__AVAILABLE RECORDS__

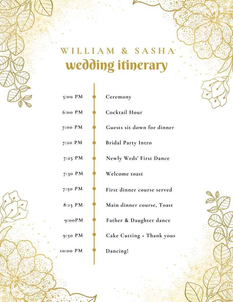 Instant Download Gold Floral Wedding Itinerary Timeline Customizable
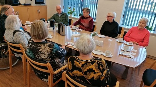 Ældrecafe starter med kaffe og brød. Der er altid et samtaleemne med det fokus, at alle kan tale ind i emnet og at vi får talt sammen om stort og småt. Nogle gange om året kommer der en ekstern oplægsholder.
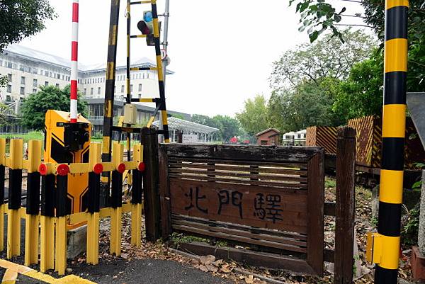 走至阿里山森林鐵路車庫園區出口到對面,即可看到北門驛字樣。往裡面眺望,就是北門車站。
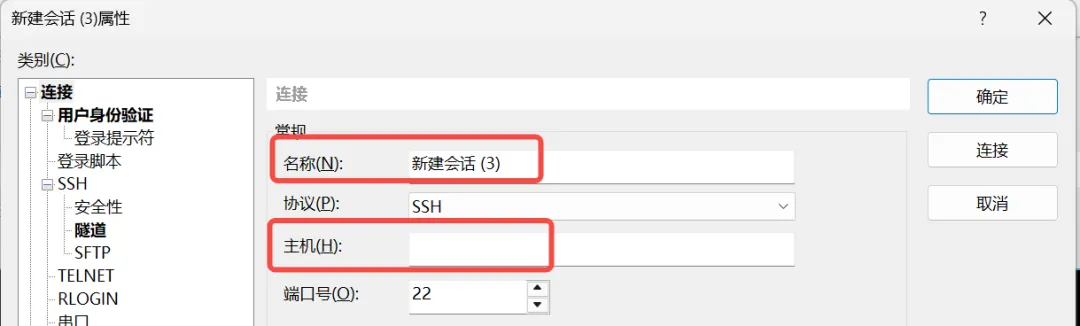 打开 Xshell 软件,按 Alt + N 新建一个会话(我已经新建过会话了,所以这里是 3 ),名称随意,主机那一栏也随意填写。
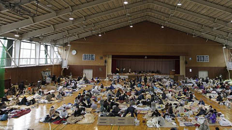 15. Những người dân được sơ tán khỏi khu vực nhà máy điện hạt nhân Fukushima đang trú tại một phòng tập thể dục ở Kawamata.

---

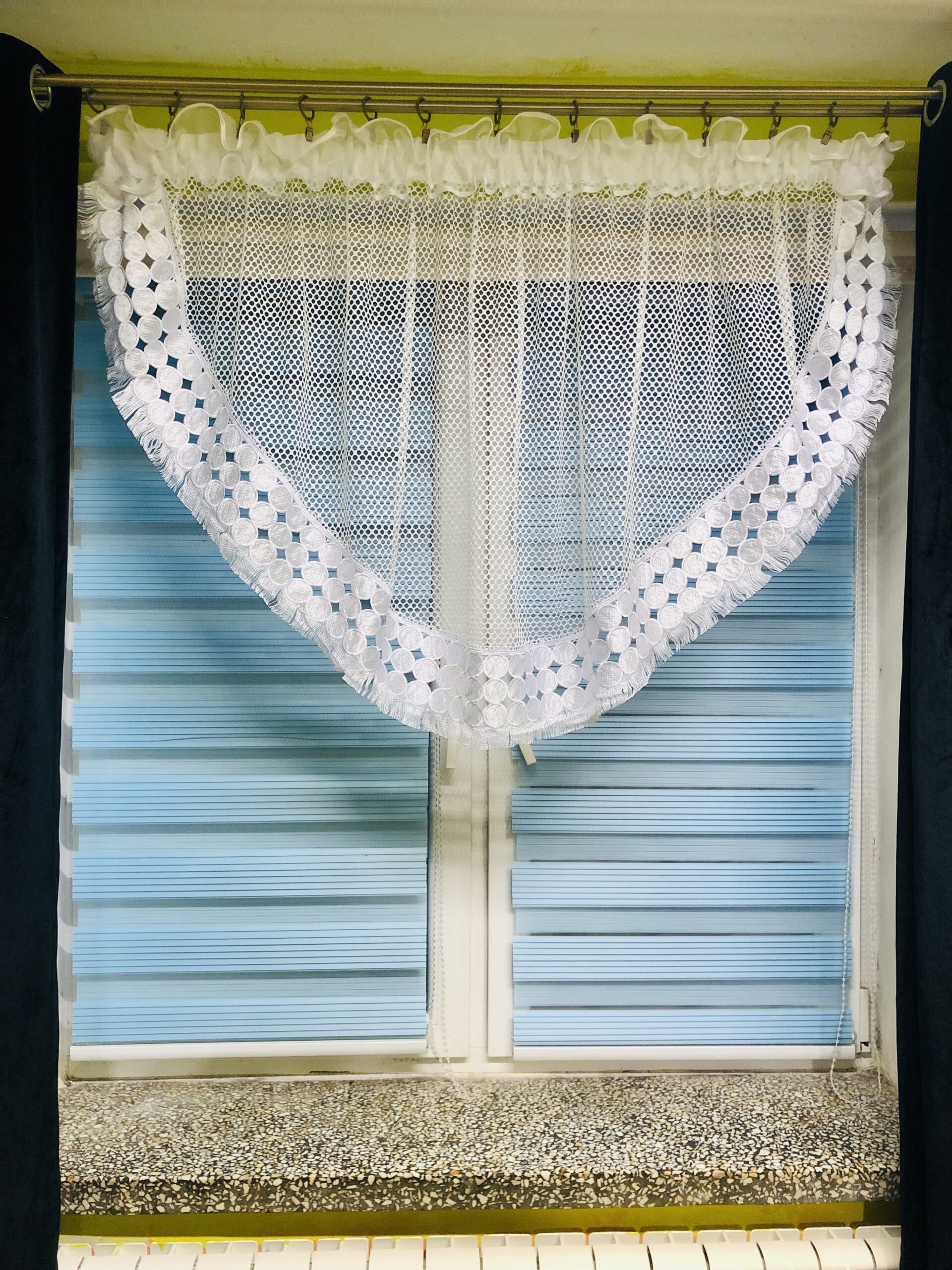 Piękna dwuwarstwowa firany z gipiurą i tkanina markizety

__WHAT NEEDS TO BE DONE__
In the records above, copy exactly everything from the line that has "打开 Xshell 软件,按" down to the line that has "15. Những người", both ends included, and leave out the pictures.

__ANSWER TO THE EXERCISE__
 打开 Xshell 软件,按 Alt + N 新建一个会话(我已经新建过会话了,所以这里是 3 ),名称随意,主机那一栏也随意填写。
 15. Những người dân được sơ tán khỏi khu vực nhà máy điện hạt nhân Fukushima đang trú tại một phòng tập thể dục ở Kawamata.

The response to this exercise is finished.